While DSHS is not responsible for distributing the vaccines, the state agency has formed a group of people from inside and outside of their organization who will be advising and making recommendations on how to distribute the vaccines in Texas.
“How it works is, we’ll hear every week from the CDC the amount of vaccines coming to Texas, the different vaccines that are coming,” said Van Deusen. “With the advice of the expert vaccine panel, we’ll tell the CDC where to send it and how much.”
Pfizer will ship directly, while the CDC will distribute the other drugs. Those shipments will go to the registered vaccine providers, like the ones that Mitschke is currently working to sign up. According to Van Deusen, those can be hospitals, doctor’s offices, pharmacies, nursing homes, assisted living facilities, rural health clinics or correctional facilities.
DSHS has so far enrolled 3,100 providers in 217 counties, “but certainly there’s still time” for others to get registered, according to Van Deusen. “We want to make sure the state’s covered geographically and in all different types of communities.”
Still, Van Deusen stressed that vaccines aren’t going to be widely available yet. “It’s going to be down the road for most people. Hopefully we’ll start to see some doses this year for frontline health workers. Manufacturing will ramp up and we’ll move out from there into the population.”
Judge Guevara said officials have estimated the drug will not reach the general public “until spring or maybe even the summer.”
Even after the vaccine becomes widely available, some, like Presidio EMS Director Malynda Richardson, are hesitant to talk about a return to normal. “Even if we get the vaccine, it doesn’t mean COVID is over,” she said. “For a vaccine to be effective and work, you have to have a significant percentage of the population who takes that vaccine.”
Aside from her estimate that the Big Bend region is “down the line of priorities,” below larger metropolitan areas, Richardson said the Big Bend has “people who are hesitant to take a vaccine, especially this one.” Despite that, Richardson said, “If I have a doctor telling me it would be a good thing to take this vaccine, I’d do it.” Richardson listed her own personal pre-existing conditions, age and the risk of exposure that comes from working in EMS as reasons to take the vaccine.
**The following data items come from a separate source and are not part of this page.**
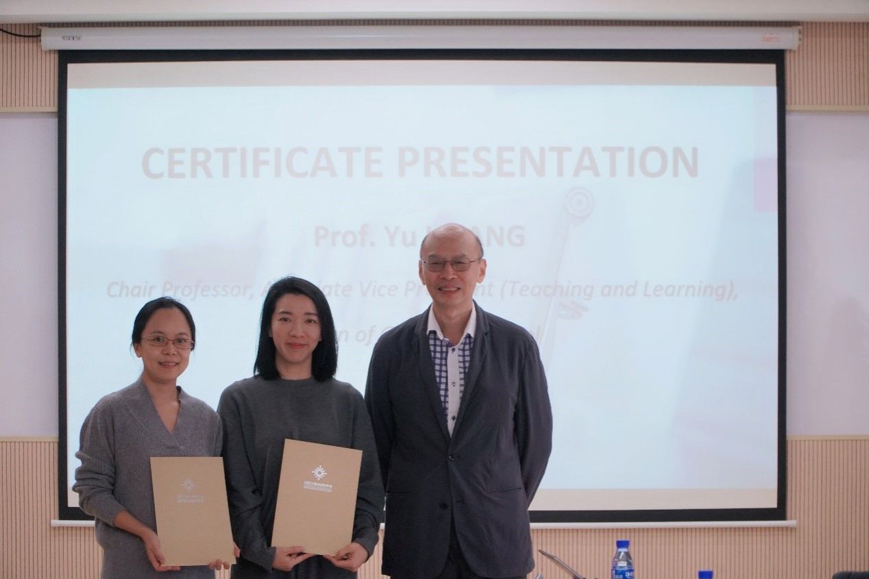 Prof. Huang Presenting Certificates to a Mentor-Mentee Pair
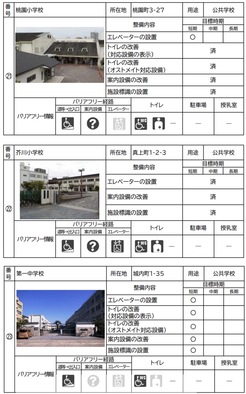 - 平成23年の基本構想策定時より、学校を基本構想における生活関連施設に位置付けている。特定事業として短期・中期・長期で必要な整備内容を各施設の状況を踏まえて個別に整理し、バリアフリー化を推進している。
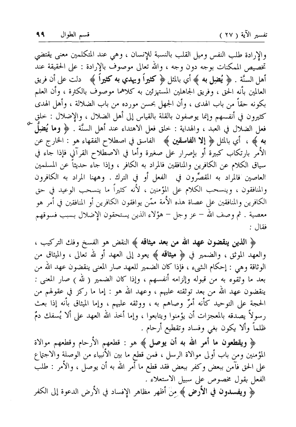 والإرادة طلب النفس وميل القلب بالنسبة للإنسان، وهي عند المتكلمين معنى يقتضي تخصيص الممكنات بوجه دون وجه، والله تعالى موصوف بالإرادة: على الحقيقة عند أهل السنة. يُضِلُّ بِهِ أي بالمثل كَثِيراً وَيَهْدِي بِهِ كَثِيراً دلت على أن فريق العالمين بأنه الحق، وفريق الجاهلين المستهزئين به كلاهما موصوف بالكثرة، وأن العلم بكونه حقا من باب الهدى، وأن الجهل بحسن مورده من باب الضلالة، وأهل الهدى كثيرون في أنفسهم وإنما يوصفون بالقلة بالقياس إلى أهل الضلال، والإضلال: خلق فعل الضلال في العبد، والهداية: خلق فعل الاهتداء عند أهل السنة. وَما يُضِلُّ بِهِ، أي بالمثل إِلَّا الْفاسِقِينَ الفاسق في اصطلاح الفقهاء هو: الخارج عن الأمر بارتكاب كبيرة أو بإصرار على صغيرة وأما في الاصطلاح القرآني فإذا جاء في سياق الكلام عن الكافرين والمنافقين فالمراد به الكافر، وإذا جاء حديثا عن المسلمين العاصين فالمراد به المقصرون في الفعل أو في الترك. وهاهنا المراد به الكافرون والمنافقون، وينسحب الكلام على المؤمنين، لأنه كثيرا ما ينسحب الوعيد في حق الكافرين والمنافقين على عصاة هذه الأمة ممن يوافقون الكافرين أو المنافقين في أمر هو معصية. ثم وصف الله- عزّ وجل- هؤلاء الذين يستحقون الإضلال بسبب فسوقهم فقال:
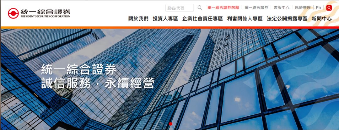 而对海峡对面的台湾人及台商来说,统一综合证券可算是台湾老牌券商之一。早在1988年,台湾地区最大的食品公司统一企业结合了统一超商、长兴化工、诚品实业、台南纺织等厂商,共同创立统一证券。1989年3月更名为统一综合证券,并于同年4月3日正式进入证券市场。1991年9月,统一综合证券一举合并台湾9家专业经纪商,开启台湾证券市场购并风潮。从收入构成看,经纪业务和自营业务具有明显优势。目前,统一综合证券旗下包括统一投信(基金公司)、统一期货、统一投资顾问、统一综合保险代理等机构。
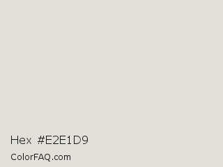 Hex #e2e1d9 Color is a very light yellow color and the nearest color is Periglacial Blue #e1e6d6. Hex code #e2e1d9 and RGB value is rgb(226,225,217). In RGB color space, this color is composed of 89% red, 88% green, 85% blue, In CMYK color space, this color is composed of 0% cyan, 0% magenta, 4% yellow , 11% black , In HSL color space, this color has a hue angle of 53° , 13% saturation and 87% lightness.
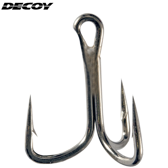 Dreifachhaken von hoher Qualität mit einer bemerkenswerten Schärfe und einer erstaunlichen Stärke. Er zeichnet sich auch durch die Form der Öse aus, die abgeflachte Abschnitte aufweist, um das Hinzufügen oder Entfernen von sprengringe zu erleichtern.
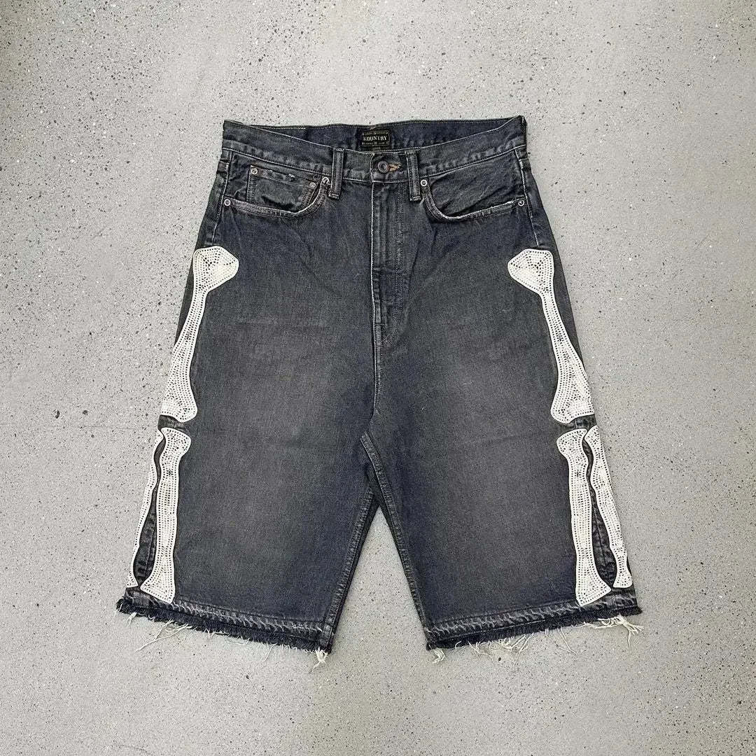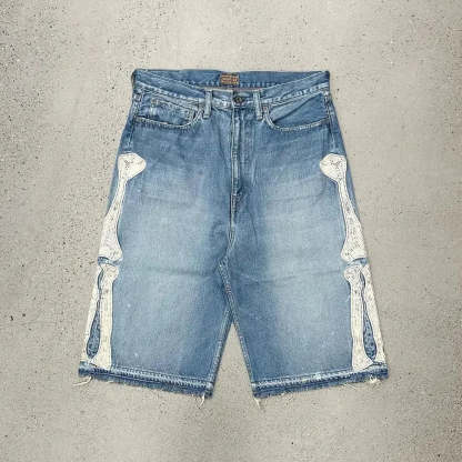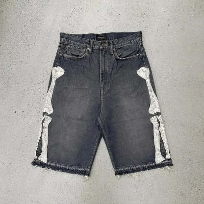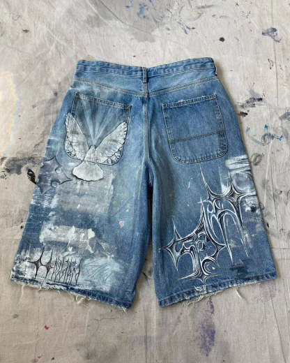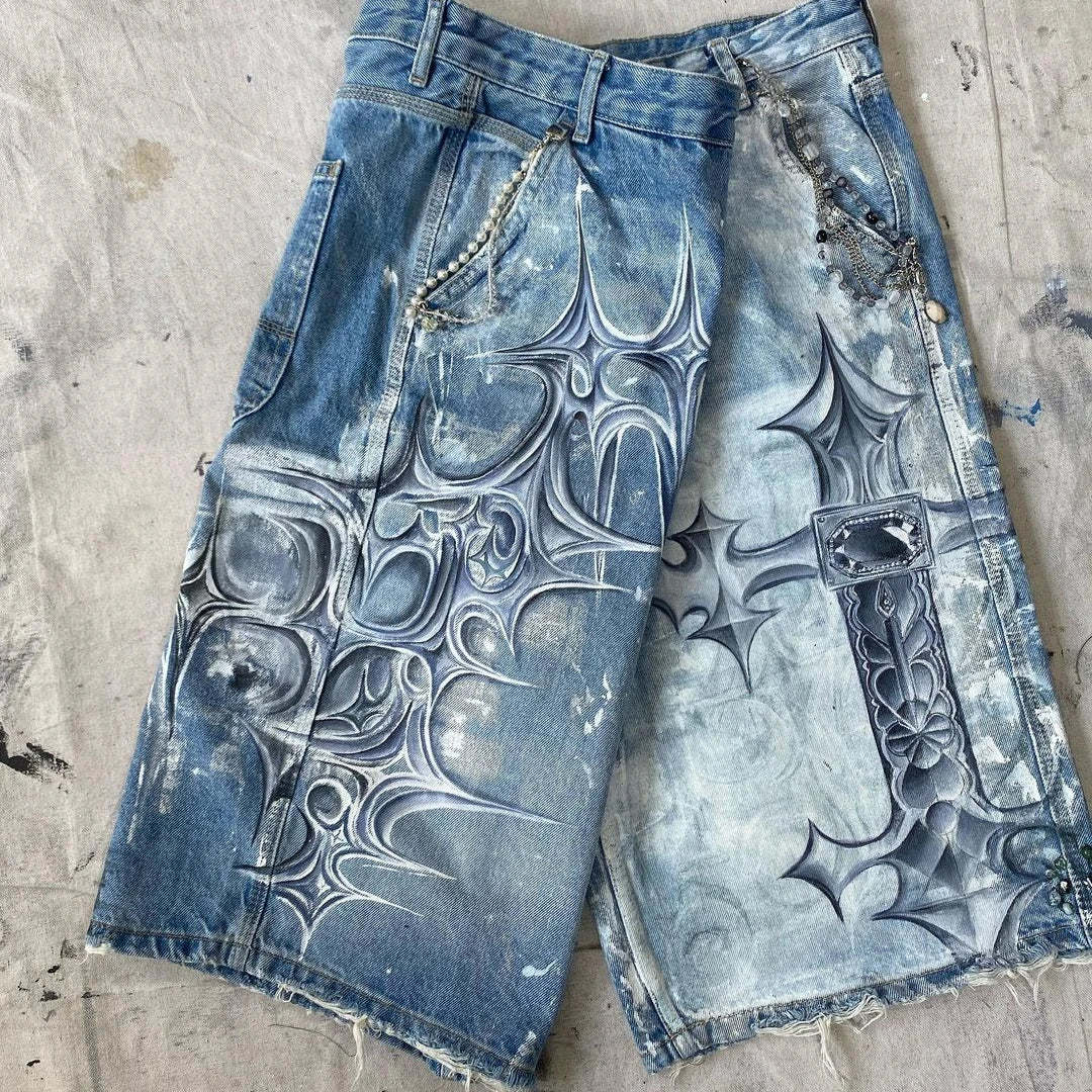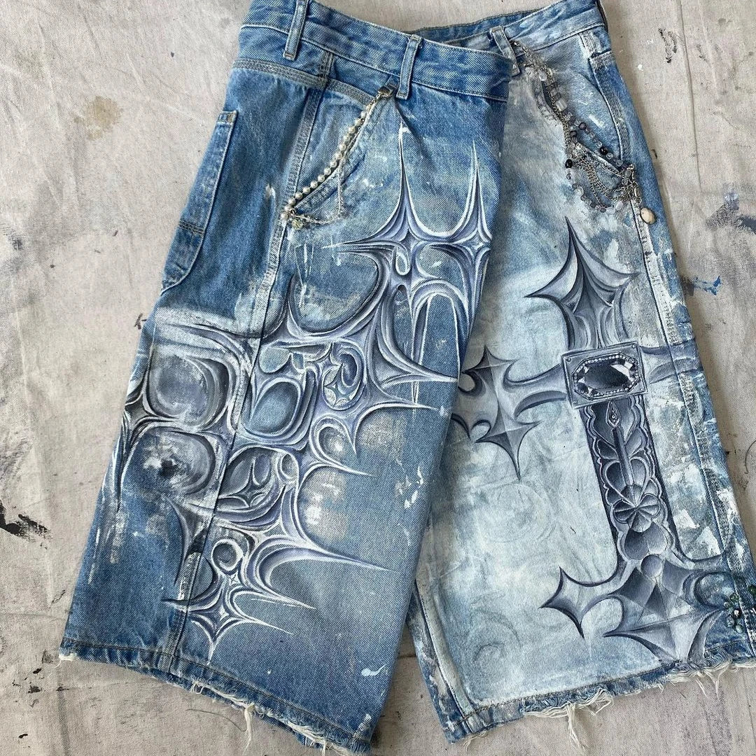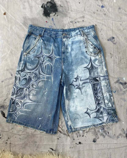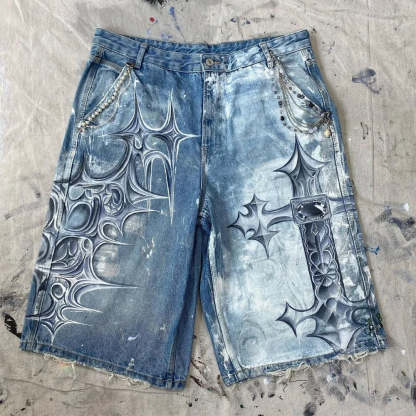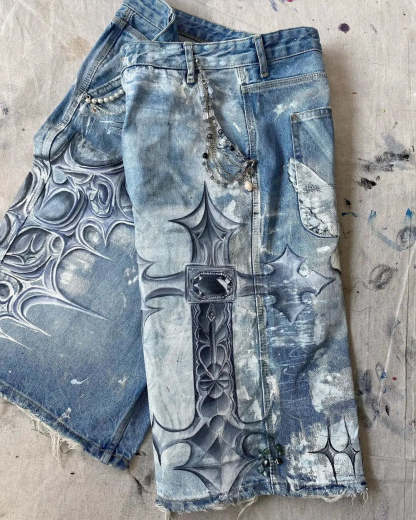 Gothic Trend New Hand-painted Cross Printed Short Jeans Men's Loose Straight Five-point Jeans Street Hip-hop Rap Y2K Shorts

Some of the vaccines that are likely to hit the market, like Pfizer’s and Moderna’s, also require two dosages, meaning someone would get the first shot, wait a period of time, get a second shot and then wait additional weeks for the vaccine to be fully effective. If not followed through on, some may enter the general population feeling safe, but not actually experience the effects of the drug.
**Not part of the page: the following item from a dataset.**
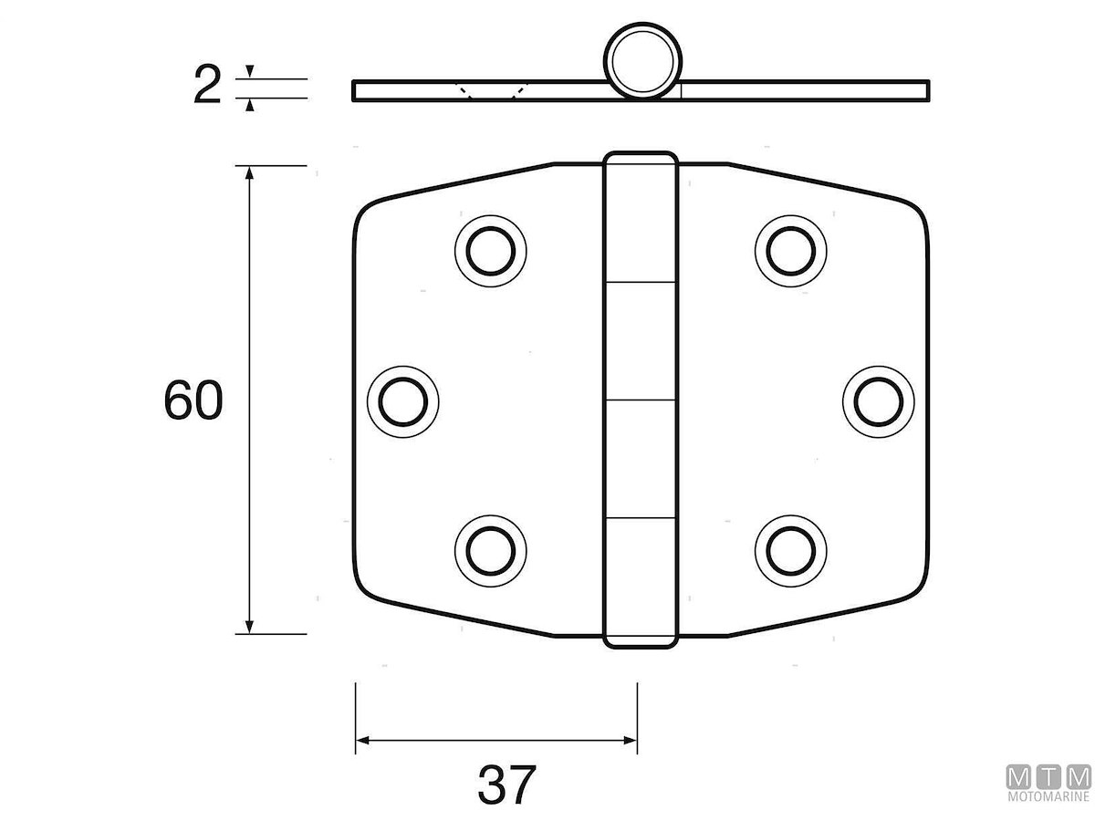 Cerniera a biscotto media in Acciaio Inox Extracrome con angoli squadrati. Cod.: 0450060 mm: H60 x L37+37
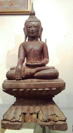 Sitting Buddha in teak Wood with Marron Lacquer, Ava

While the drug companies push forward to get vaccines to the market, DSHS’ Van Deusen warned that it will be “some months into the next year” before vaccines are available “at every doctor’s office and corner pharmacy.”
“We don’t get to say: ‘January 1, doses of the vaccine come out, boom we’re done with COVID.’ It doesn’t work that way,” Richardson said. “We really need to be prepared to continue taking precautions: wear the mask, social distance, protect the people around you.”